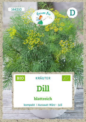 Einjährig, sattgrüne, kompakte, sehr blattreiche Dillsorte, spätschossend, gleichmäßige Entwicklung, geschmacksintensives Würzkraut für Gurken, Fisch, Fleisch, Kräuterbutter, zum Tiefgefrieren geeignet
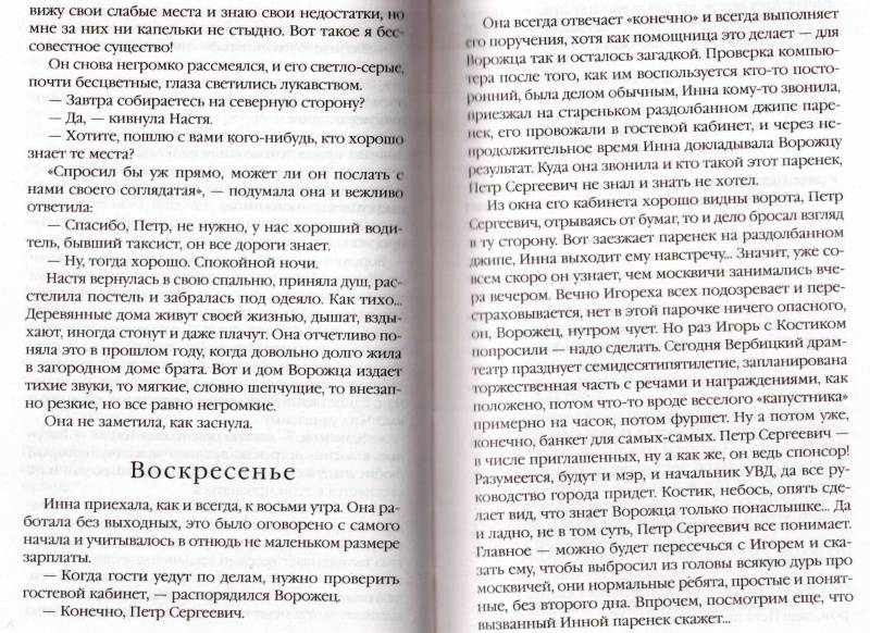 Анастасия Каменская и ее бывший коллега Юрий Коротков приехали в далекий сибирский город Вербицк. Настин брат собирается построить здесь дорогой пансионат, и попросил их найти подходящее место. Однако, властям Вербицка не до московских инвесторов. В самый разгар предвыборной гонки по городу прокатилась волна таинственных убийств экологов. Люди во всем винят чиновников. Уж больно рьяно мэр и его друзья отстаивают звероферму, притаившуюся в глухом таежном лесу. А ведь говорят, что именно она - ферма - вредит местной экологии. Разумеется, это дело увлекло Каменскую намного сильнее, чем поиски какого-то там участка…
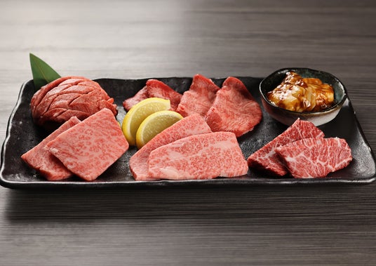 でご提供する「7種盛り合わせ」です。極上のヒレステーキをはじめ、ダイヤモンドタンや稀少部位など、自社牧場で繁殖から肥育まで一貫して育てた黒毛和牛「下村牛」を贅沢に盛り込みました。牧場直営ならではの鮮度と品質で、ここでしか味わえない一皿に仕上げています。さらに、少人数でも気軽に楽しめる「ペアセット」や、ディナータイム限定でビール・ハイボールを含む30種類以上のドリンクが楽しめる「90分飲み放題(980円)」もご用意。ご家族やご友人とのお食事はもちろん、各種お集まりにも最適です。
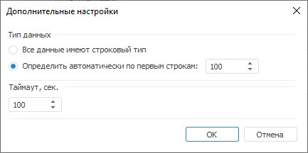 Для определения типа данных импортируемых полей и других параметров используйте окно «Дополнительные настройки».
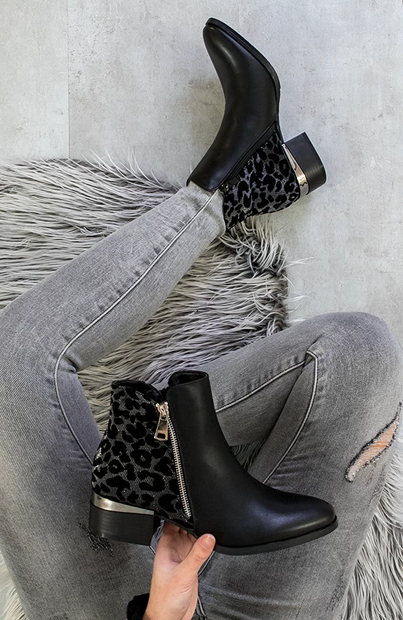 Product: Deze leuke panterlaarsjes zijn een perfecte aanvulling voor jouw schoenencollectie! De laarzen zijn voorzien van een velours panterprint en metallic glitterdraad.
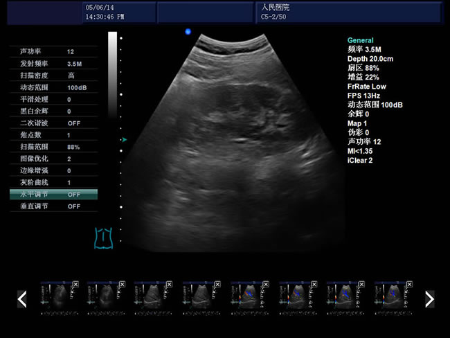 頻率、幀頻、B模式總增益、C模式總增益、D模式總增益、菜單、注釋、灰階帶、穿刺引導線、PRF、壁濾波、血流相關、累積次數、TI熱指數、MI機械指數
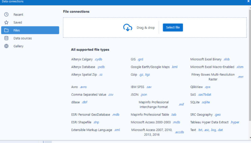 Once inside of the configuration settings, a user may navigate to a directory to choose a file or isolate by a specific data type within a directory by clicking on the data type. Alteryx connects to a wide variety of data sources out-of-the-box, including Alteryx-created files, and more obscure data sources may use standard connections like ODBC.
---
Work item
Give again, word for word, the lines above from the first one through the one containing "でご提供する「7種盛り合わせ"; no pictures.

Response to this exercise
 Einjährig, sattgrüne, kompakte, sehr blattreiche Dillsorte, spätschossend, gleichmäßige Entwicklung, geschmacksintensives Würzkraut für Gurken, Fisch, Fleisch, Kräuterbutter, zum Tiefgefrieren geeignet
 Анастасия Каменская и ее бывший коллега Юрий Коротков приехали в далекий сибирский город Вербицк. Настин брат собирается построить здесь дорогой пансионат, и попросил их найти подходящее место. Однако, властям Вербицка не до московских инвесторов. В самый разгар предвыборной гонки по городу прокатилась волна таинственных убийств экологов. Люди во всем винят чиновников. Уж больно рьяно мэр и его друзья отстаивают звероферму, притаившуюся в глухом таежном лесу. А ведь говорят, что именно она - ферма - вредит местной экологии. Разумеется, это дело увлекло Каменскую намного сильнее, чем поиски какого-то там участка…
 でご提供する「7種盛り合わせ」です。極上のヒレステーキをはじめ、ダイヤモンドタンや稀少部位など、自社牧場で繁殖から肥育まで一貫して育てた黒毛和牛「下村牛」を贅沢に盛り込みました。牧場直営ならではの鮮度と品質で、ここでしか味わえない一皿に仕上げています。さらに、少人数でも気軽に楽しめる「ペアセット」や、ディナータイム限定でビール・ハイボールを含む30種類以上のドリンクが楽しめる「90分飲み放題(980円)」もご用意。ご家族やご友人とのお食事はもちろん、各種お集まりにも最適です。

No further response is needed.